# [Required action]
Repeat all of the records exactly, leaving out the pictures.

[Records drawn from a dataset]
☆ ☆ ☆ ☆ ☆ ☆ ☆
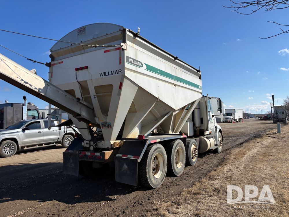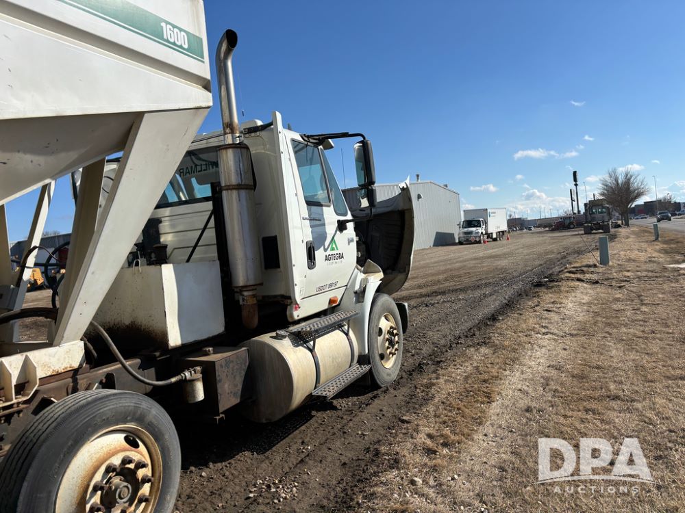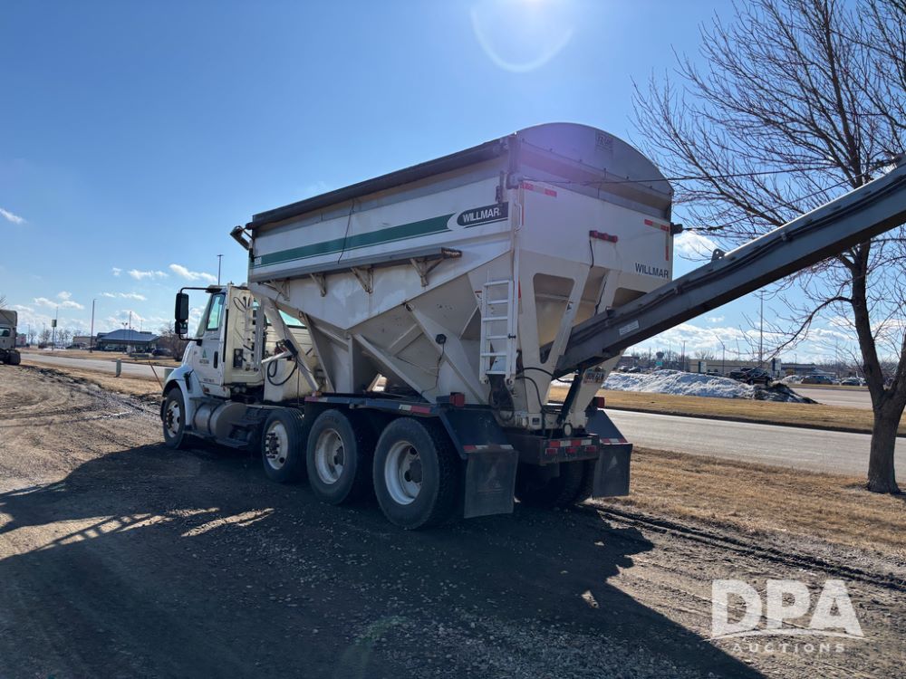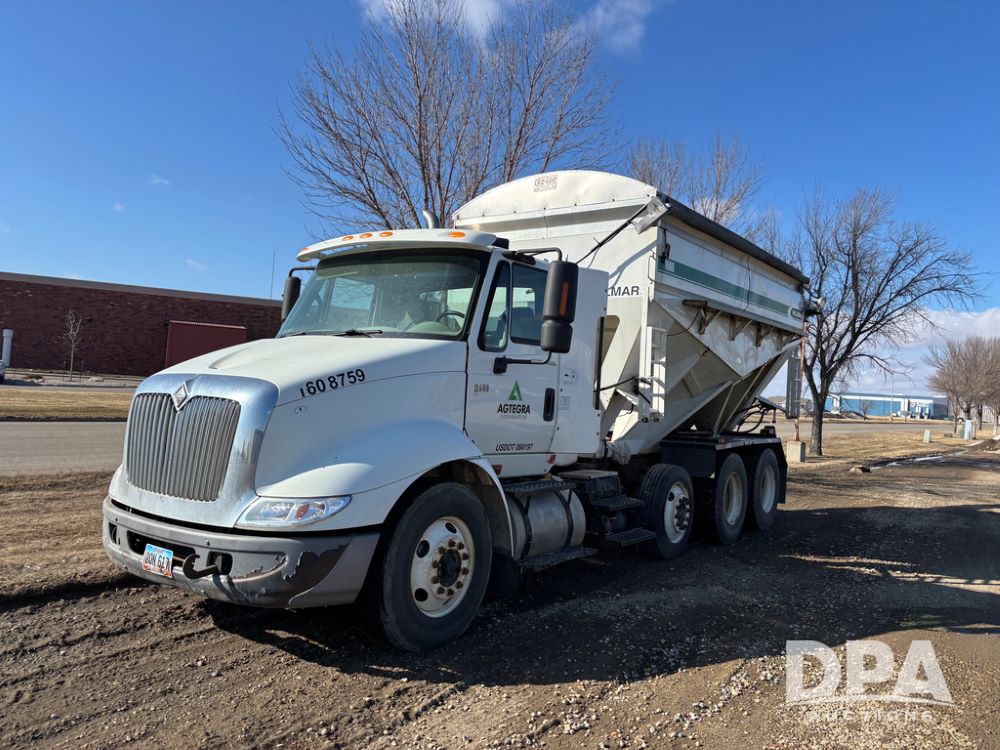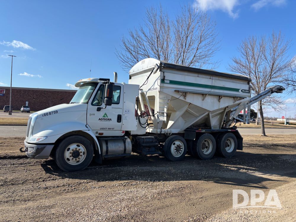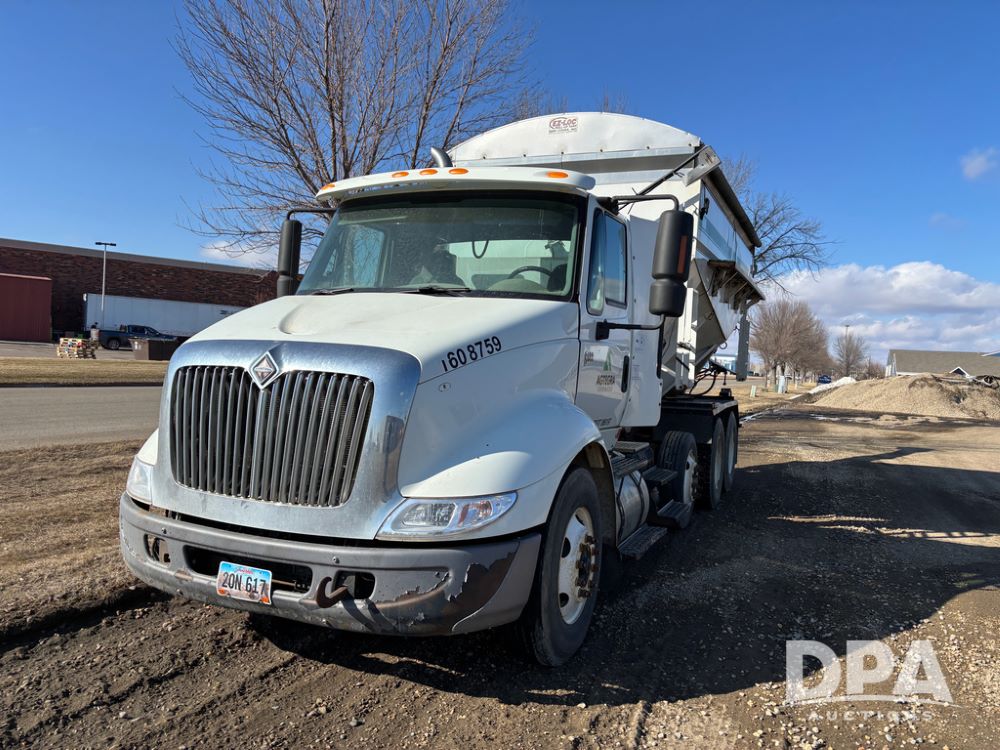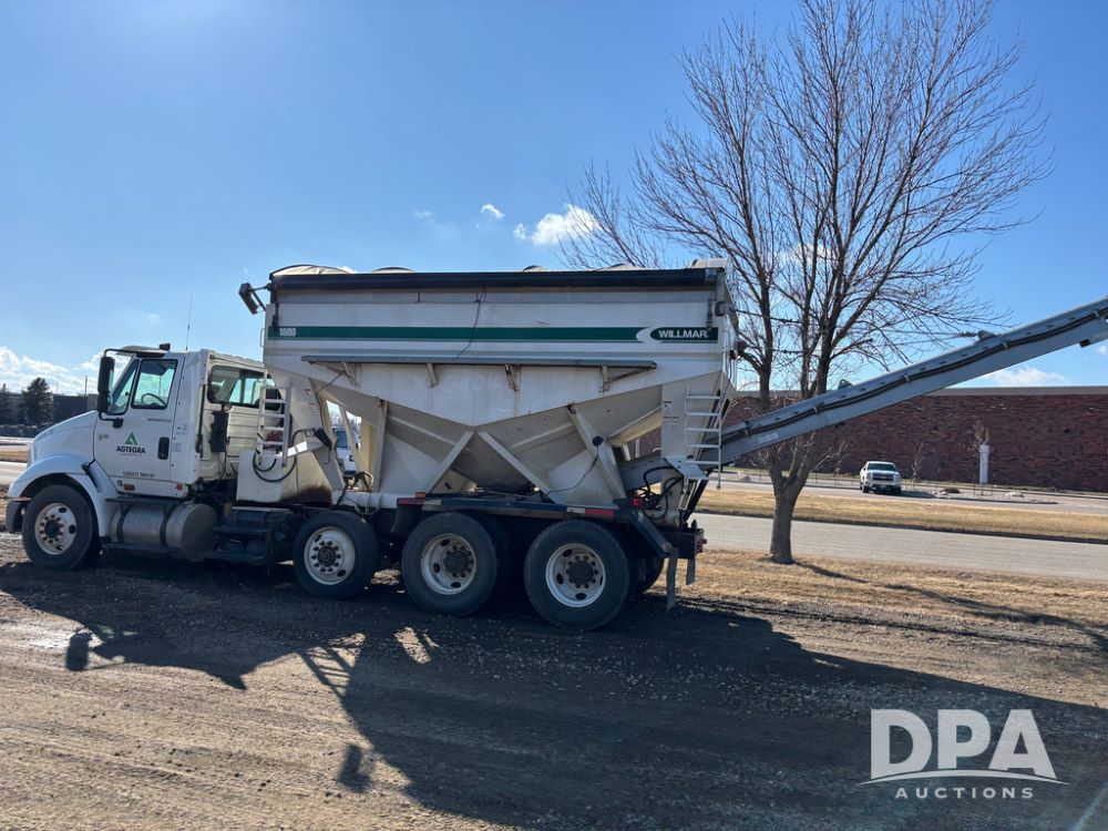 2007 International 8600 Dry Truck (DR13495 Unit 8759), diesel engine, 10 speed transmission, tandem axle full screw, air lift tag axle, air ride suspension, Willmar 1600 stainless steel hydraulic dry tender box, rear discharge auger, side catwalk, electric roll tarp, auxiliary off rod diesel fuel tank w/12 volt pump, dual aluminum fuel tanks, AM/FM CD radio, engine brake, heated mirrors, 22.5 tires, odometer reads 548,664 miles.
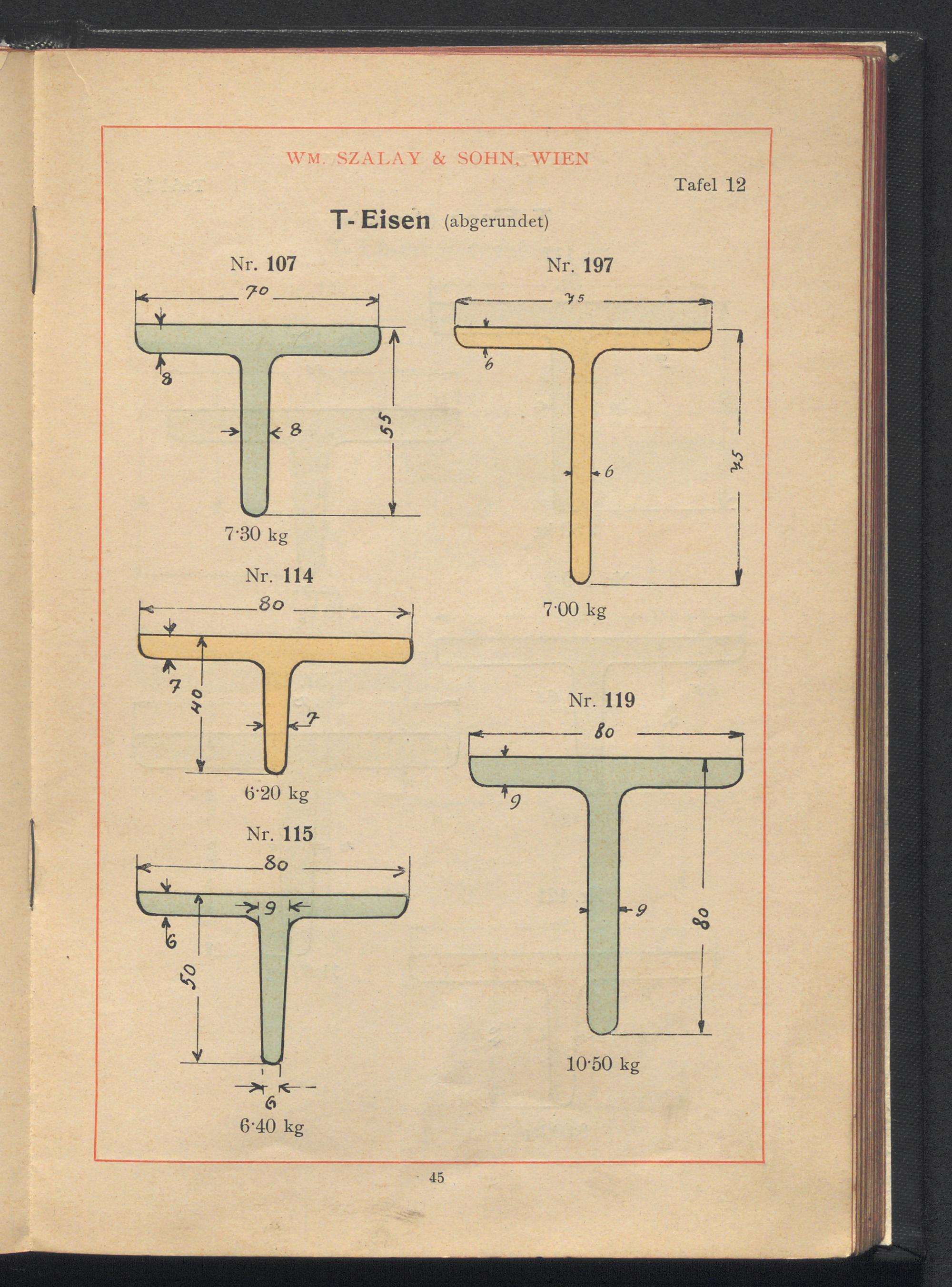 Profilzeichnungen und Tabellen / Wm. Szalay & Sohn, Wien III/4, Mohsgasse Nr. 30
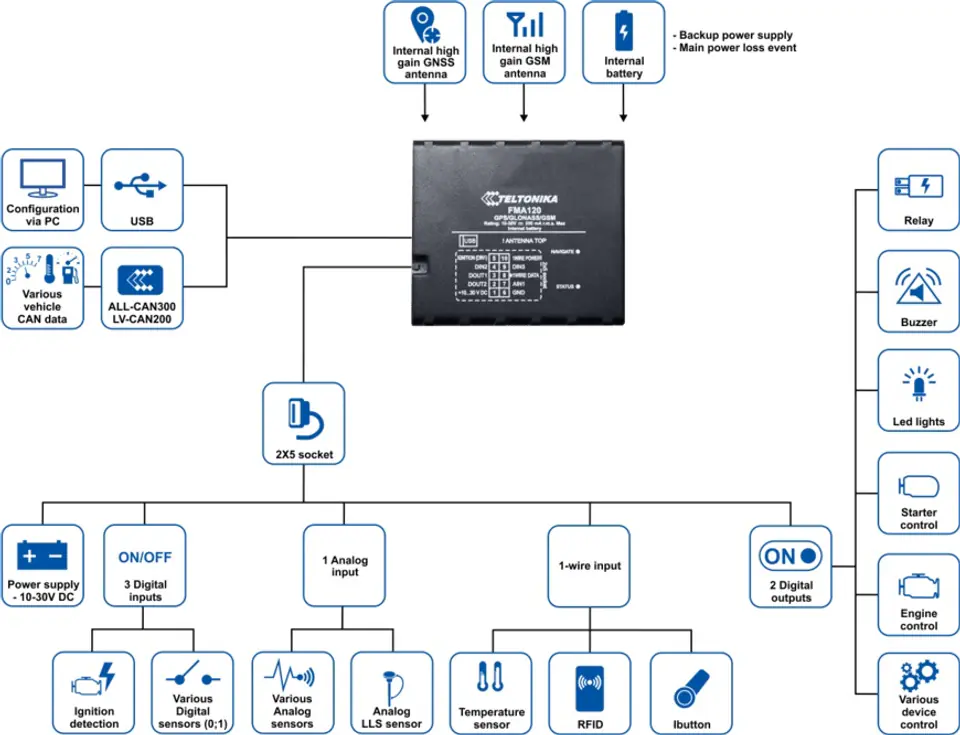 TELTONIKA FMA120 – INTERNAL HIGH GAIN GNSS AND GSM ANTENNAS WITH BATTERY
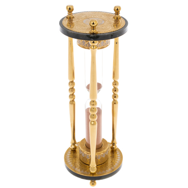 Время, заключенное в песочных часах, обретает форму, совершенство и торжественность. Песочные часы на 15 минут, выполненные в Златоустовской технике — не просто измеритель хода минут, но и философский символ вечного движения и могущества. Величественная конструкция выточена с филигранной точностью, излучая золотой блеск, отражающий амбиции и стремления своих владельцев.
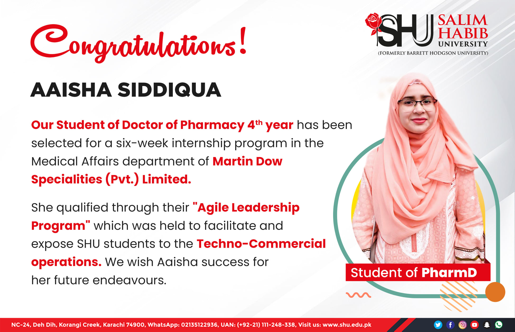Congratulations Aaisha Siddiqua our Student of Doctor of Pharmacy 4th year for being selected for a six-week internship program in the Medical Affairs department of Martin Dow Specialities (Pvt.) Limited.She qualified through their "Agile Leadership Program" which was held to facilitate and expose SHU students to the Techno-Commercial operations. We wish Aaisha success in her future endeavors.
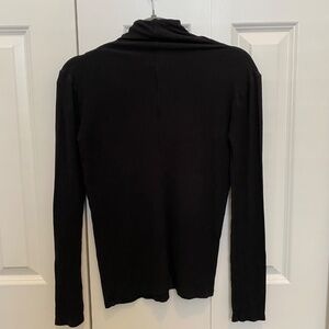 VINCE LONG SLEEVED, MOCK NECK, RIBBED BLACK SHIRT. Loose mock neck. Seem down the back.
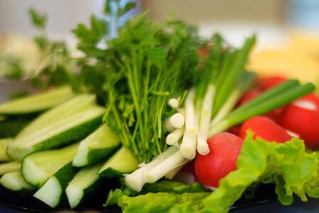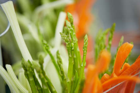 appetizer of fresh cucumbers, carrots, asparagus
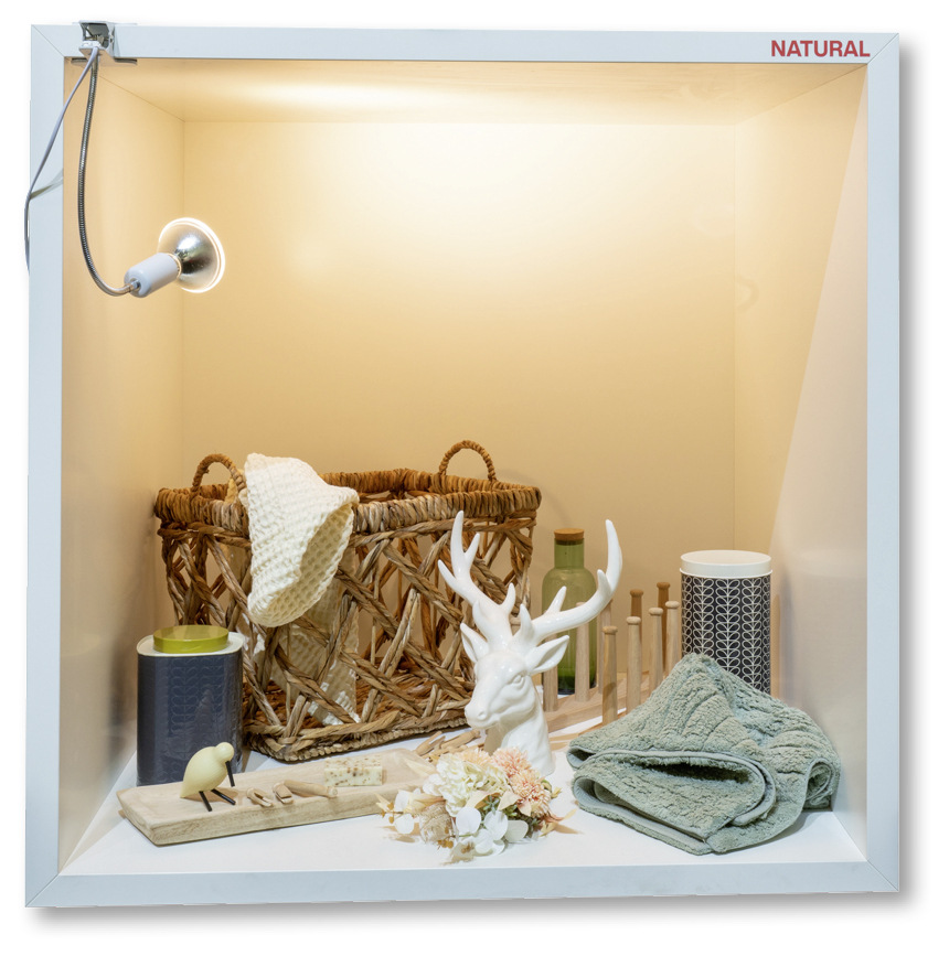 Im Natural-Badezimmer entfaltet sich eine skandinavische Oase der Einfachheit. Eichenmöbel und einfache Möbelformen wie eine Bank wirken sehr natürlich. Weiße Riffelvasen schaffen mit Gräsern und Eukalyptus bestückt eine meeresfrische Szenerie, und ein Bild aus Moos und Filz symbolisiert die Verschmelzung von Badkultur und Natur. Baumwoll- und Wolltextilien oder Teppiche aus Sisal sorgen für einen natürlichen Komfort. Korbgeflechtlampen und eine Korkdekoration unterstreichen die organische Ästhetik. Wer mag, konterkariert das Natur- oder Scandistyle-Klischee mit fein dosierten Zitaten und Übertreibungen wie Hirschgeweih oder Kunstfell. Dieses Badezimmer ist eine Huldigung an die Schönheit natürlicher Materialien und die Gelassenheit skandinavischen Designs.
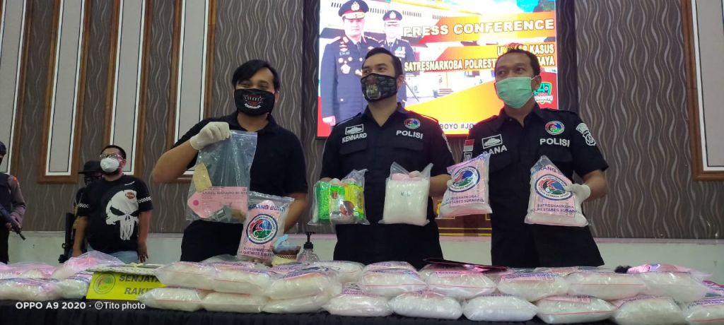 Prestasi Kapolrestabes Surabaya Kombes Pol Sandi Nugroho, Kasat Resnarkoba AKBP Memo Ardian dan anggotanya itu langsung diapresiasi Kapolda Jatim Irjen Pol Fadil Imran yang memimpin langsung pers rilis kasus itu di Mapolrestabes Surabaya, Selasa (12/5/2020).
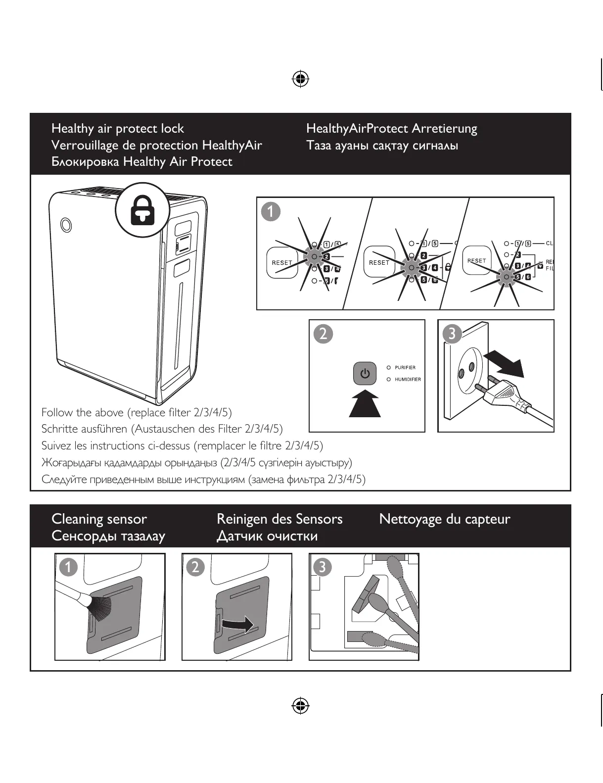 Cleaning sensor Reinigen des Sensors Nettoyage du capteur
☆ ☆ ☆ ☆ ☆ ☆ ☆
# [Solution to this problem]
 2007 International 8600 Dry Truck (DR13495 Unit 8759), diesel engine, 10 speed transmission, tandem axle full screw, air lift tag axle, air ride suspension, Willmar 1600 stainless steel hydraulic dry tender box, rear discharge auger, side catwalk, electric roll tarp, auxiliary off rod diesel fuel tank w/12 volt pump, dual aluminum fuel tanks, AM/FM CD radio, engine brake, heated mirrors, 22.5 tires, odometer reads 548,664 miles.
 Profilzeichnungen und Tabellen / Wm. Szalay & Sohn, Wien III/4, Mohsgasse Nr. 30
 TELTONIKA FMA120 – INTERNAL HIGH GAIN GNSS AND GSM ANTENNAS WITH BATTERY
 Время, заключенное в песочных часах, обретает форму, совершенство и торжественность. Песочные часы на 15 минут, выполненные в Златоустовской технике — не просто измеритель хода минут, но и философский символ вечного движения и могущества. Величественная конструкция выточена с филигранной точностью, излучая золотой блеск, отражающий амбиции и стремления своих владельцев.
Congratulations Aaisha Siddiqua our Student of Doctor of Pharmacy 4th year for being selected for a six-week internship program in the Medical Affairs department of Martin Dow Specialities (Pvt.) Limited.She qualified through their "Agile Leadership Program" which was held to facilitate and expose SHU students to the Techno-Commercial operations. We wish Aaisha success in her future endeavors.
 VINCE LONG SLEEVED, MOCK NECK, RIBBED BLACK SHIRT. Loose mock neck. Seem down the back.
 appetizer of fresh cucumbers, carrots, asparagus
 Im Natural-Badezimmer entfaltet sich eine skandinavische Oase der Einfachheit. Eichenmöbel und einfache Möbelformen wie eine Bank wirken sehr natürlich. Weiße Riffelvasen schaffen mit Gräsern und Eukalyptus bestückt eine meeresfrische Szenerie, und ein Bild aus Moos und Filz symbolisiert die Verschmelzung von Badkultur und Natur. Baumwoll- und Wolltextilien oder Teppiche aus Sisal sorgen für einen natürlichen Komfort. Korbgeflechtlampen und eine Korkdekoration unterstreichen die organische Ästhetik. Wer mag, konterkariert das Natur- oder Scandistyle-Klischee mit fein dosierten Zitaten und Übertreibungen wie Hirschgeweih oder Kunstfell. Dieses Badezimmer ist eine Huldigung an die Schönheit natürlicher Materialien und die Gelassenheit skandinavischen Designs.
 Prestasi Kapolrestabes Surabaya Kombes Pol Sandi Nugroho, Kasat Resnarkoba AKBP Memo Ardian dan anggotanya itu langsung diapresiasi Kapolda Jatim Irjen Pol Fadil Imran yang memimpin langsung pers rilis kasus itu di Mapolrestabes Surabaya, Selasa (12/5/2020).
 Cleaning sensor Reinigen des Sensors Nettoyage du capteur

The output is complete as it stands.